EXERCISE DIRECTIONS - Print every line of the material below exactly as it stands, but omit the pictures.

DATA EXCERPT -
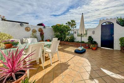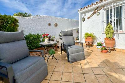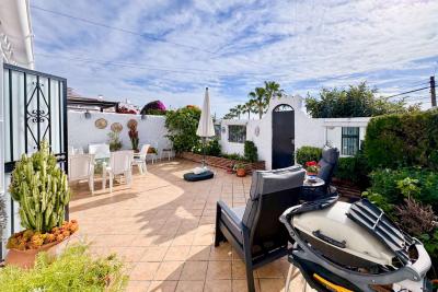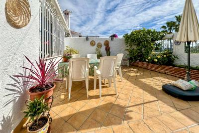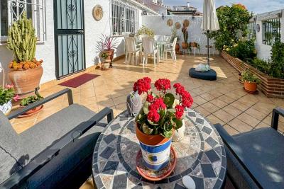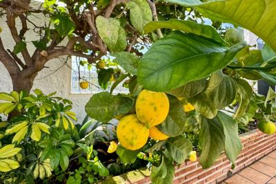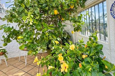 Huset har en rymlig och solig terrass, perfekt för att njuta av soliga dagar, härliga grillkvällar eller middagar utomhus. Terrassen pryds av planteringskärl med ett citronträd och flera vackra blommor, vilket skapar en naturlig och inbjudande atmosfär.
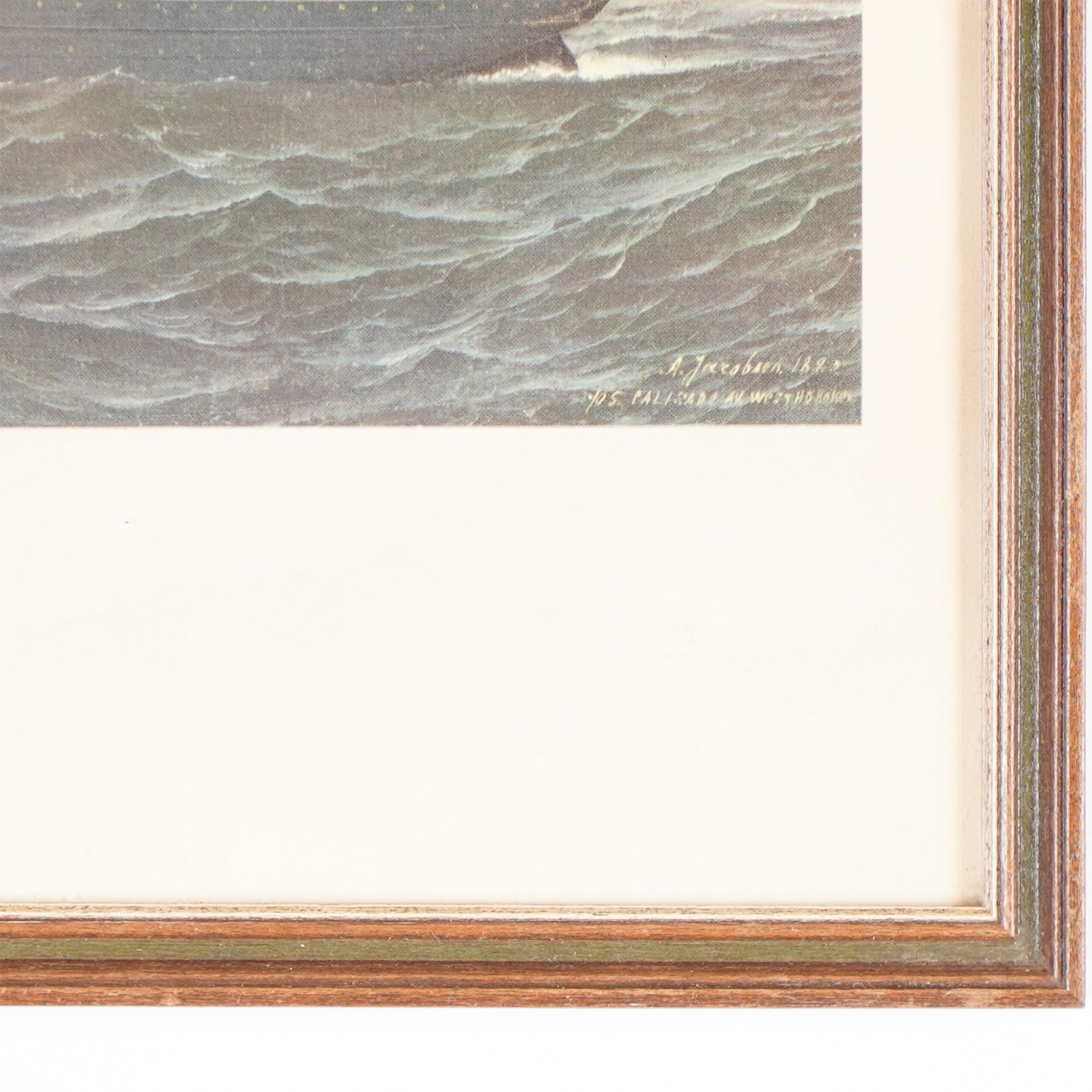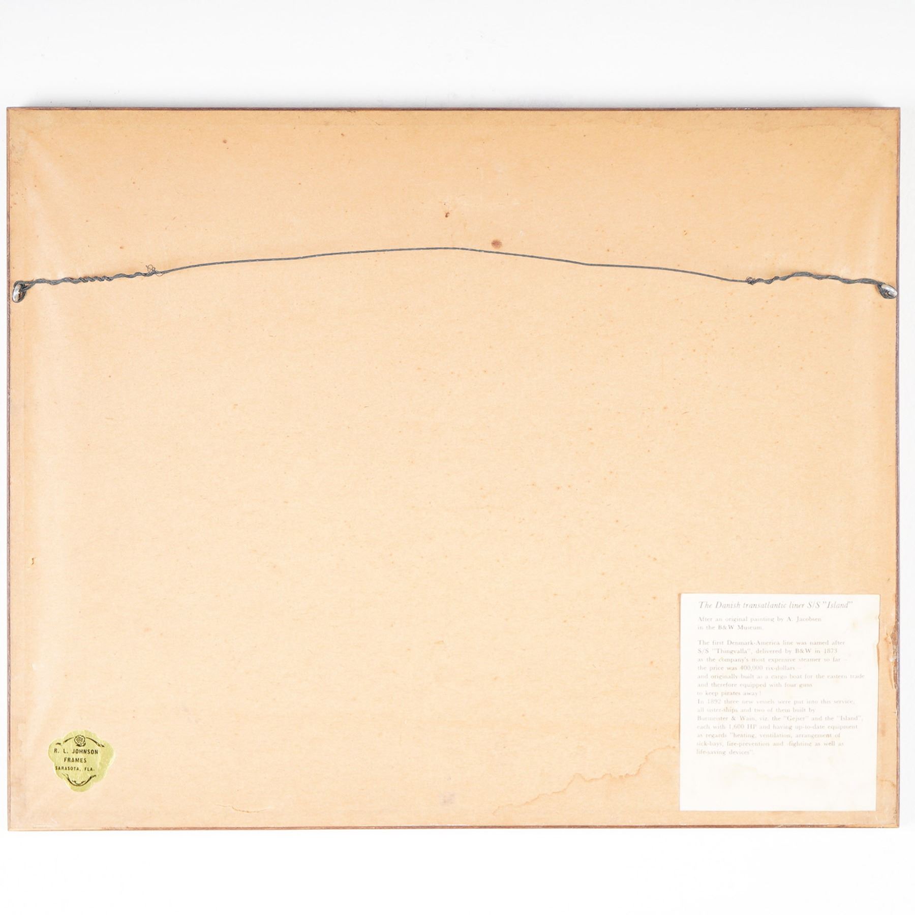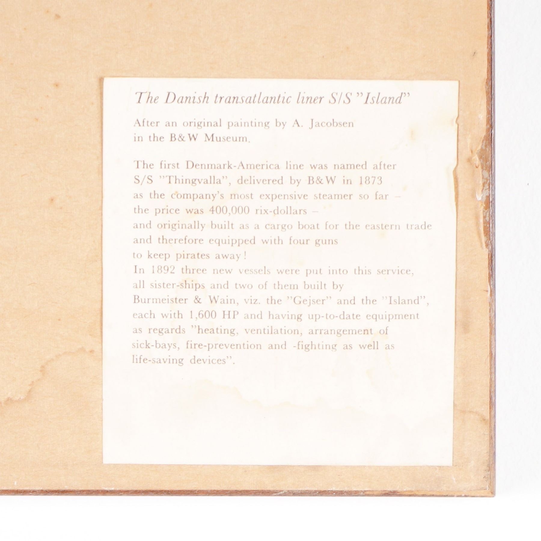 Framed maritime print after an original painting by A. Jacobsen, housed in the B&W Museum. The artwork depicts the Danish transatlantic liner S/S Island, built by Burmeister & Wain in the late 19th century. The ship was part of the Denmark-America line and one of the most advanced vessels of its time, featuring 1,600 HP engines and modern amenities for ventilation, heating, sick bays, fire prevention, and life-saving equipment. A descriptive label affixed to the back provides historical context.
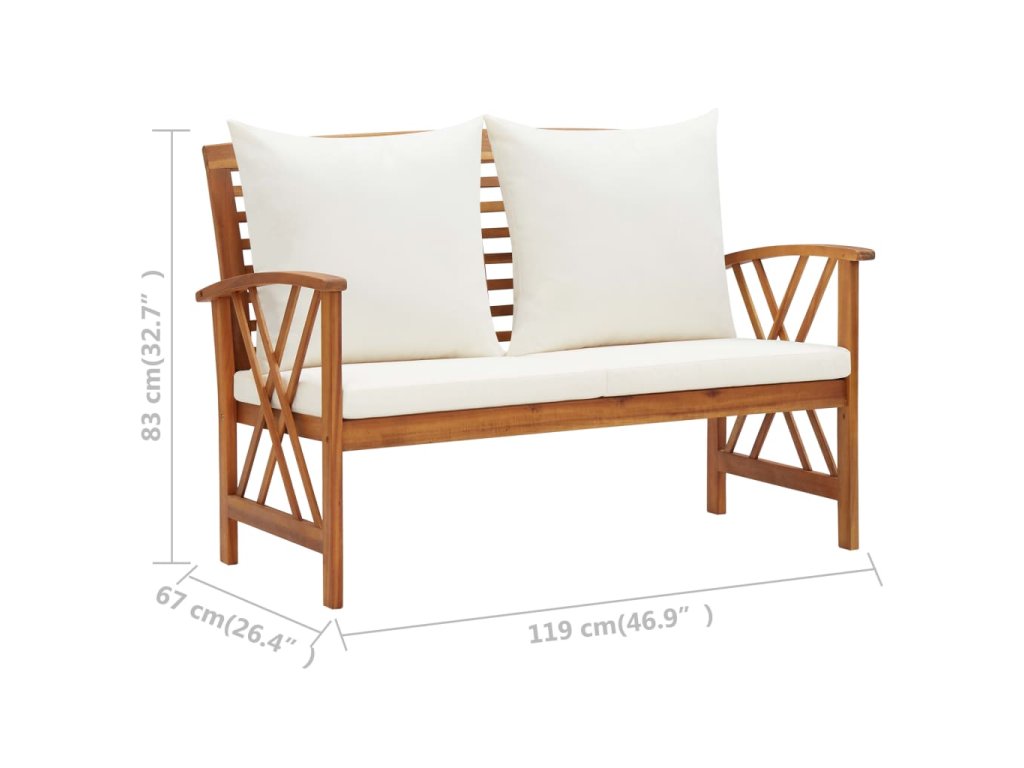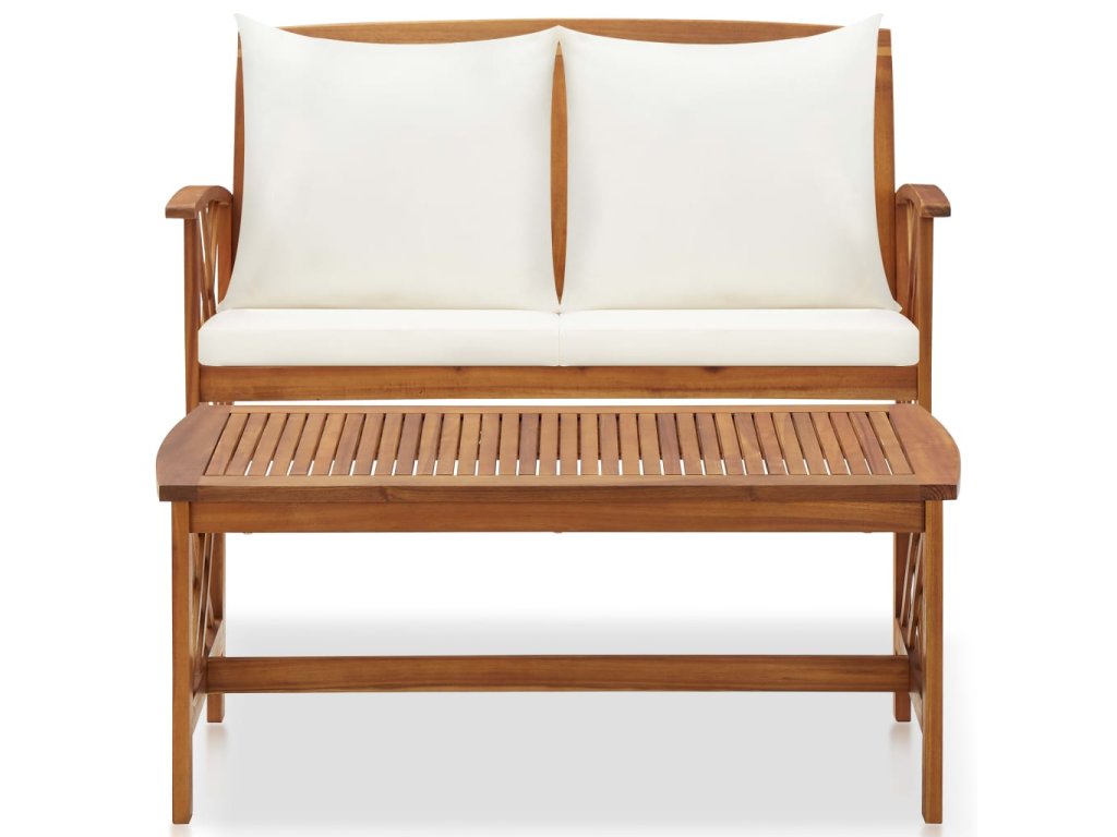 Set zahradního nábytku je zhotovený z masivního akáciového dřeva s olejovou úpravou, je stabilní a má dlouhou životnost. Konferenční stolek z masivní dřevěnou stolní deskou s lamelovým designem poslouží jako perfektní odkládací plocha pro vaše občerstvení, mísy s ovocem, dekorativní předměty a další nezbytnosti. Podušky na sedák a polštář za záda přispívají k pohodlnému posezení, stejně jako opěradlo a loketní opěrky. Jak stůl, tak lavička mají dvojitý kříž na obou stranách.

EXERCISE SOLUTION -
 Huset har en rymlig och solig terrass, perfekt för att njuta av soliga dagar, härliga grillkvällar eller middagar utomhus. Terrassen pryds av planteringskärl med ett citronträd och flera vackra blommor, vilket skapar en naturlig och inbjudande atmosfär.
 Framed maritime print after an original painting by A. Jacobsen, housed in the B&W Museum. The artwork depicts the Danish transatlantic liner S/S Island, built by Burmeister & Wain in the late 19th century. The ship was part of the Denmark-America line and one of the most advanced vessels of its time, featuring 1,600 HP engines and modern amenities for ventilation, heating, sick bays, fire prevention, and life-saving equipment. A descriptive label affixed to the back provides historical context.
 Set zahradního nábytku je zhotovený z masivního akáciového dřeva s olejovou úpravou, je stabilní a má dlouhou životnost. Konferenční stolek z masivní dřevěnou stolní deskou s lamelovým designem poslouží jako perfektní odkládací plocha pro vaše občerstvení, mísy s ovocem, dekorativní předměty a další nezbytnosti. Podušky na sedák a polštář za záda přispívají k pohodlnému posezení, stejně jako opěradlo a loketní opěrky. Jak stůl, tak lavička mají dvojitý kříž na obou stranách.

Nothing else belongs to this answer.